At present, the commonly used long-term prediction method is autoregressive multi-step prediction. However, the predicted error will spread and gradually accumulate in the autoregressive multi-step prediction. Therefore, we directly model long-term temporal dependency from historical data, which is used to predict multiple target flows. Meanwhile, to avoid error diffusion, we carry out parallel training through the joint loss of multiple time steps, which may achieve a more accurate multi-step prediction. The model is tested and verified by the passenger flow data in time intervals (TIs) of 10 min, 20 min, and 30 min.
5. Conclusions
Aiming at the problem of subway passenger flow prediction, we argue that the existing works ignore the spatial influence of the import and export of subway stations and the influence of global stations on specific stations. In addition, many methods are based on a single RNN model or its variations, or the Transformer model, which has limitations in capturing temporal features. This paper proposed a hybrid neural network, GCTN, to solve these problems.
We use Shanghai subway passenger flow data to test. The results show that MAE, RMSE, and WMAPE have achieved good performance in multi-step prediction. The GCTN has a better prediction performance in capturing the peak and the period when passenger flow changes quickly, which is more conducive to the practical application of the model. We compared the effects of different temporal combination modes, which show the combination of the close, daily, and weekly patterns can improve the prediction performance. Meanwhile, we verified the proposed improvements in the GCTN, and we think the combination of the CNN and Transformer is helpful. We found that the RMSE of the predicted flow of the station is positively correlated with import and export quantity and POI quantity.

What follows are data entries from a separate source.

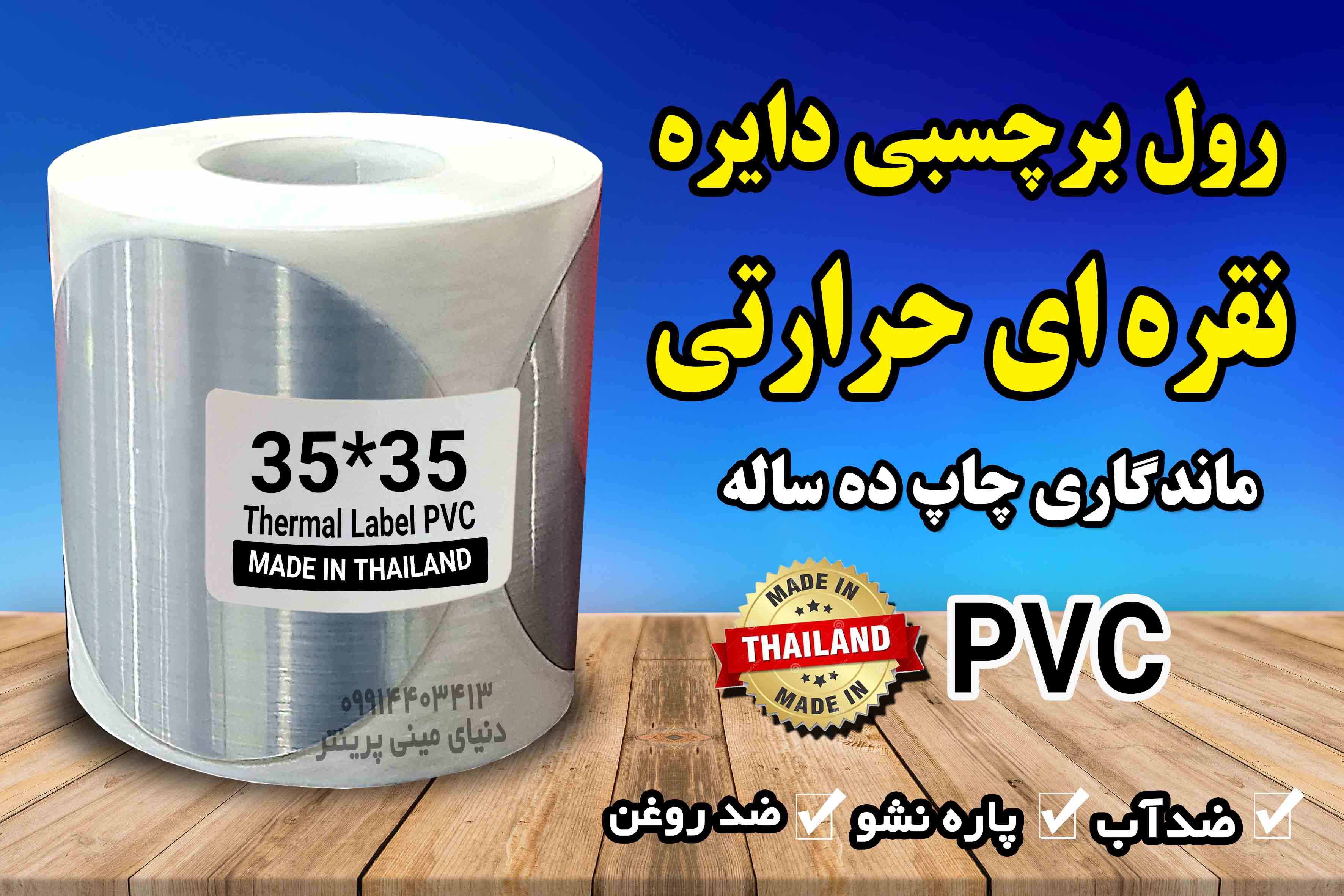 لیبل حرارتی pvc تایلندی نیمه براق بالاترین کیفیت چاپ
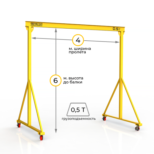 Мини-кран козловой мобильный (МПУ) грузоподъемностью до 500 килограмм, с высотой до балки 6 метров и шириной пролета 4 метра, это подъемное устройство, предназначенное для подъема и перемещения различных грузов на небольшие расстояния. Кран адаптирован для складских и производственных помещений, также может быть использован и на улице.
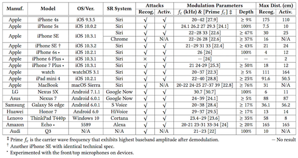 結果、ドルフィンアタックは、iPhoneやAmazon Echoなど、16種類のハードウェア、7種類のAI音声アシスタントで操作できることが明らかとなった。
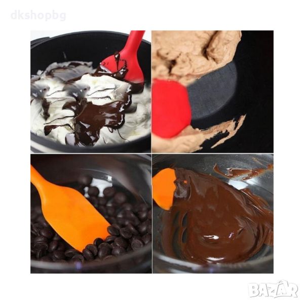 Сладкарска силиконова четка и шпатула за готвене става практичен и сигурен помощник в кухнята. Материалът, от който са направени е висококачествен, гъвкав силикон. Дръжката е изработена от еко пластмаса, която е устойчива на топлина. Най-важното е, че не оставя допълнителен привкус и артомат на храната. Устойчиви са на мазнини, масла и плодови киселини, подходяща е за почистване в съдомиялна машина, не се износват и с тях може да се нанася дори и горещо олио без проблеми…
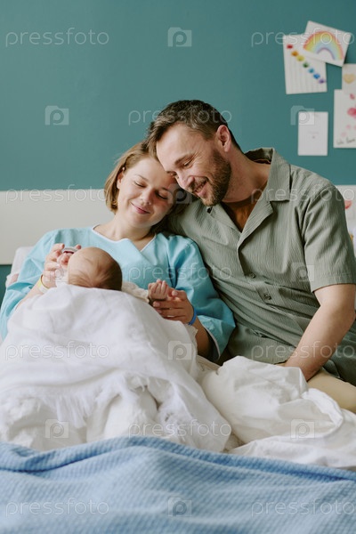 Любящие родители обнимают новорожденного в больничной комнате
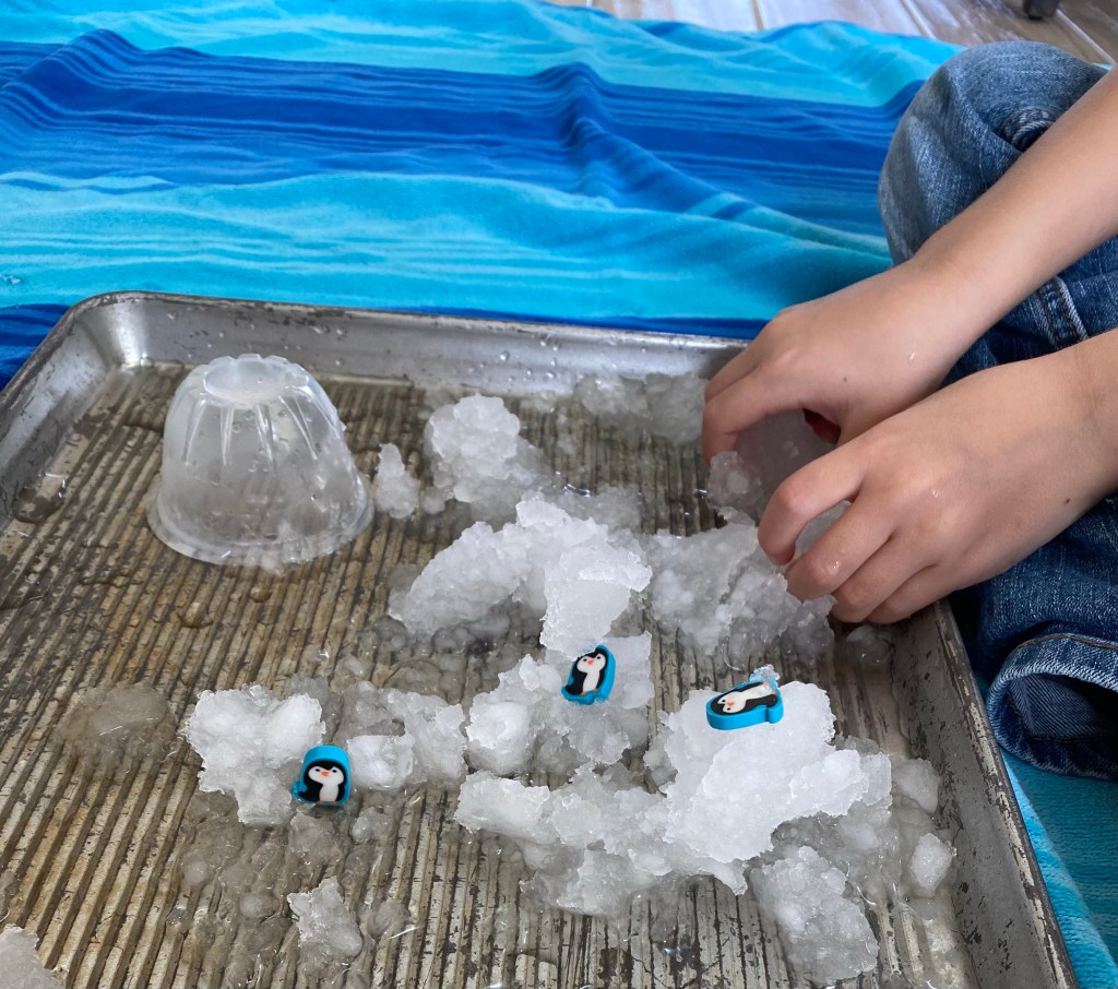 -Melting ice inquiry: I asked my littles what makes frozen things melt (heat!) Then I asked them what they thought would happen to ice cubes left in the sun, in the house, and in the fridge. Then we put 3 ice cubes in each location and observed their changes and compared them.

However, some limitations still exist. Firstly, the period of the validation data set is not long enough to study the influence of long-temporal factors, such as seasons. Secondly, the influence of external factors, such as weather is not considered. Finally, we do not study the dynamic spatial characteristics, which may improve the spatial dependency. In the future, we will further explore the influence of external features and study the application of the GCTN in longer data sets. We also intend to study the influence of dynamic spatiotemporal features in the deep learning model and the differences between different kinds of attention mechanisms in global temporal features.